Anyone who works with language models regularly has encountered this situation: one prompt works perfectly, another — seemingly similar — produces mediocre results. The difference is real, but the diagnosis is elusive. Without a structured evaluation system, improving prompts becomes a trial-and-error process driven by intuition rather than analysis.

The problem is not new. In technical writing, software engineering, and scientific research, every mature discipline has developed metrics for evaluating the quality of its output. Prompt engineering, while still an emerging discipline, has reached a level of complexity that demands the same rigor.

This article proposes a quantitative prompt evaluation model based on six independent criteria, each supported by experimental evidence.
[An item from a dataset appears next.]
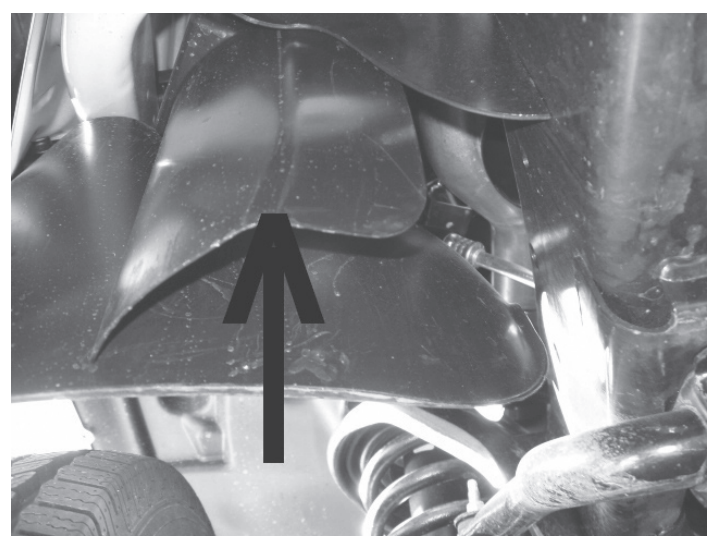
Arrow pointing to vertical baffle used on '04.5 and newer trucks to keep under-hood heated air from entering the air box

The Dodge engineers did a great job of designing the air intake system in our Third Generation trucks.
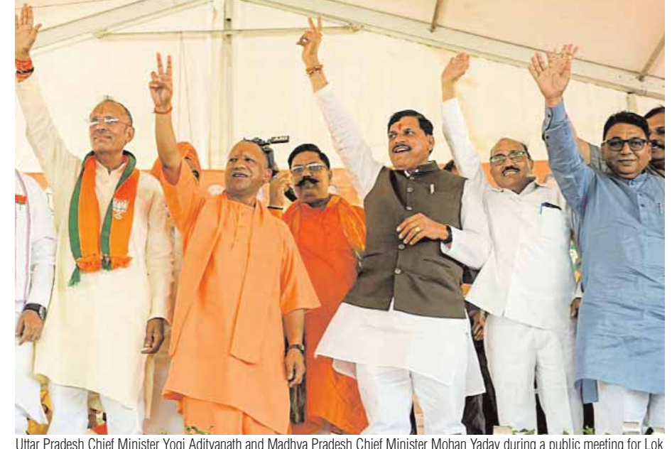
Uttar Pradesh Chief Minister Yogi Adityanath and Madhya Pradesh Chief Minister Mohan Yadav during a public meeting for Lok Sabha elections in Sambhal, Uttar Pradesh on Friday.

There is also a warehouse in the factory premises which was also damaged. It is being told that the fire broke out in the weeds of a field.

The model, implemented in the Prompt Score system by Keep My Prompts, assigns each prompt a score from 1 to 5 on each criterion and a weighted overall score, providing an immediate diagnostic of strengths and weaknesses.

The goal is not to replace the user's judgment but to make it more informed. A prompt scoring 2.3 on "Clarity" is not necessarily a bad prompt — it is a prompt that could benefit from more specific formulation. The difference between qualitative feedback ("improve the prompt") and dimensional quantitative feedback ("clarity is 2.3/5, try specifying the output format") is the difference between generic advice and an operational diagnostic.

1. Why Measure Prompt Quality

1.1 The Problem with Subjective Evaluation

Prompt quality is typically assessed indirectly: one looks at the generated response and, if it is satisfactory, assumes the prompt was "good." This approach has three fundamental limitations.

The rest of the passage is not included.